**DIRECTIONS FOR THIS TASK**
What is needed is the exact text of each line in the listing below from the one with "表1、2025年9月大中轻客" up to and including the one with "blossoms next year.", and no pictures.

**TASK MATERIAL**

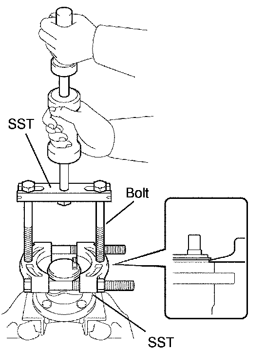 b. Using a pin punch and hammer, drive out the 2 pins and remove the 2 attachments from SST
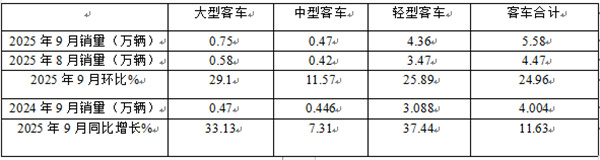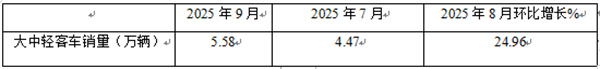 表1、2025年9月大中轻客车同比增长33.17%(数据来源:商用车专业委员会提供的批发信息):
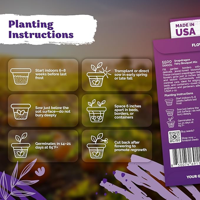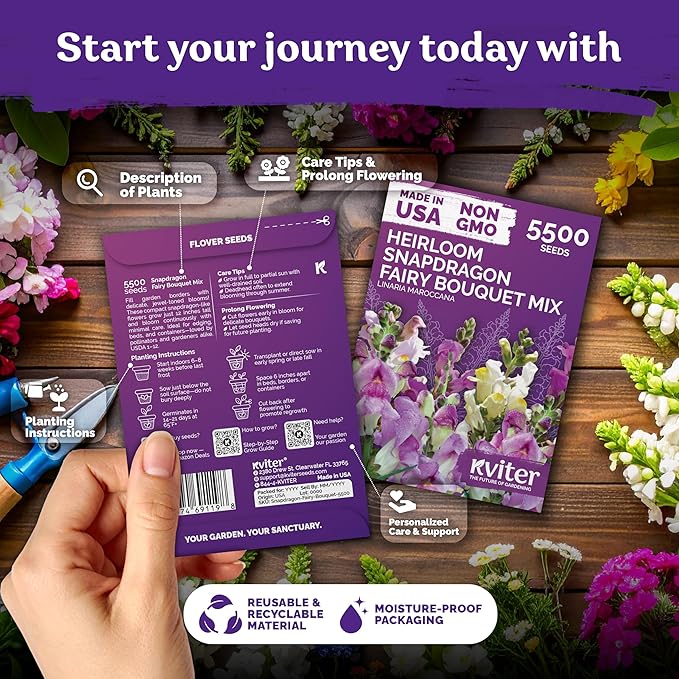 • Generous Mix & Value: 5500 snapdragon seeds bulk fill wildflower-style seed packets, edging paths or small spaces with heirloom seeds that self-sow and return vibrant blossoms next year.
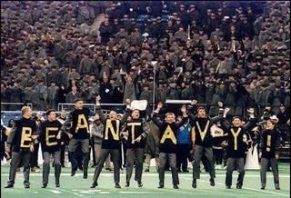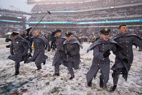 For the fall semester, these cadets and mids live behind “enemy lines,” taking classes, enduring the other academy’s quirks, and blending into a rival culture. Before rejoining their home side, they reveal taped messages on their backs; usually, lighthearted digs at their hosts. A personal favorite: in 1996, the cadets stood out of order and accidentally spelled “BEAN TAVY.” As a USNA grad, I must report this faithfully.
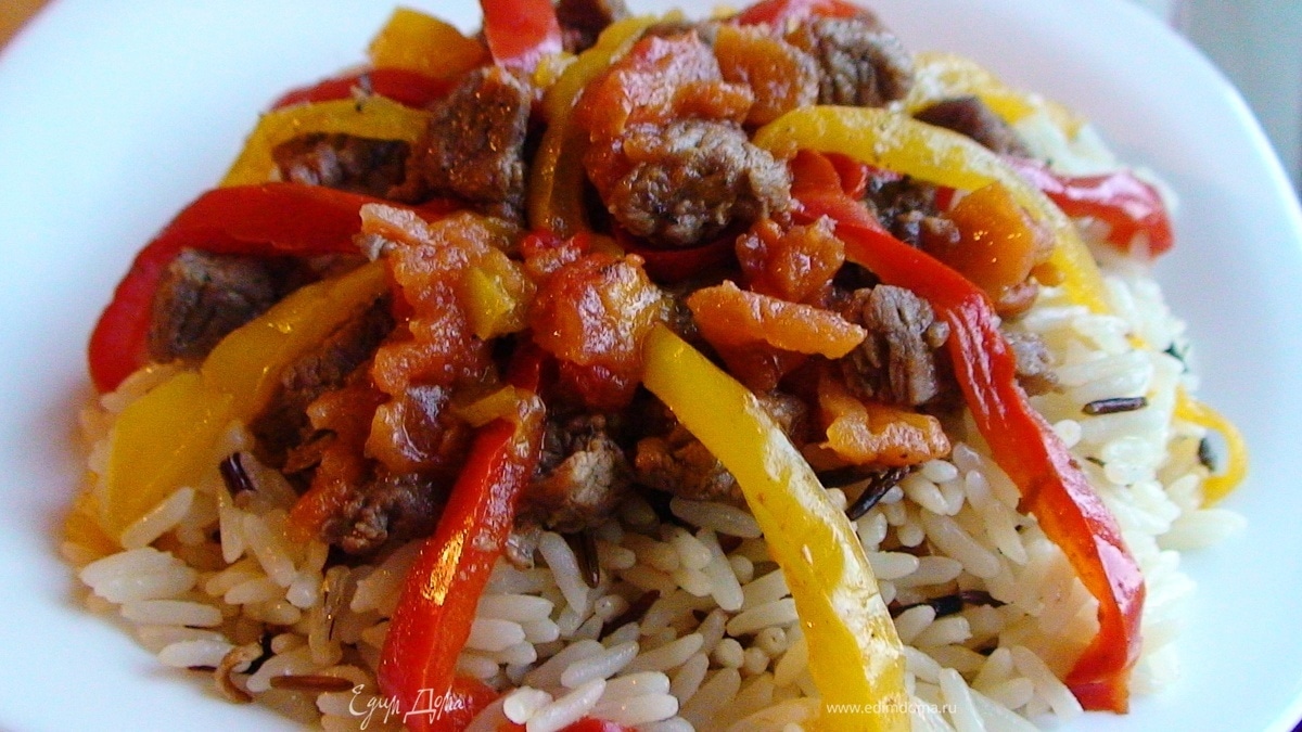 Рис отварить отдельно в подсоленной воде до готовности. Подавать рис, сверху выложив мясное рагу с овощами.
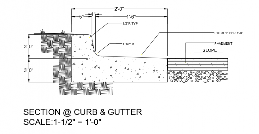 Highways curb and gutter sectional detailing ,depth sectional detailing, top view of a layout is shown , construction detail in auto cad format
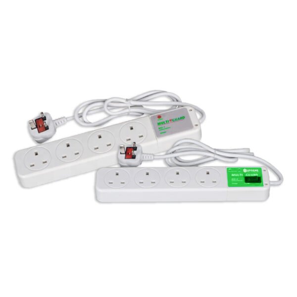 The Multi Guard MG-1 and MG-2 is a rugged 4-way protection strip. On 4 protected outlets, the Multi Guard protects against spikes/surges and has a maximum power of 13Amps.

**EXERCISE RESPONSE**
 表1、2025年9月大中轻客车同比增长33.17%(数据来源:商用车专业委员会提供的批发信息):
 • Generous Mix & Value: 5500 snapdragon seeds bulk fill wildflower-style seed packets, edging paths or small spaces with heirloom seeds that self-sow and return vibrant blossoms next year.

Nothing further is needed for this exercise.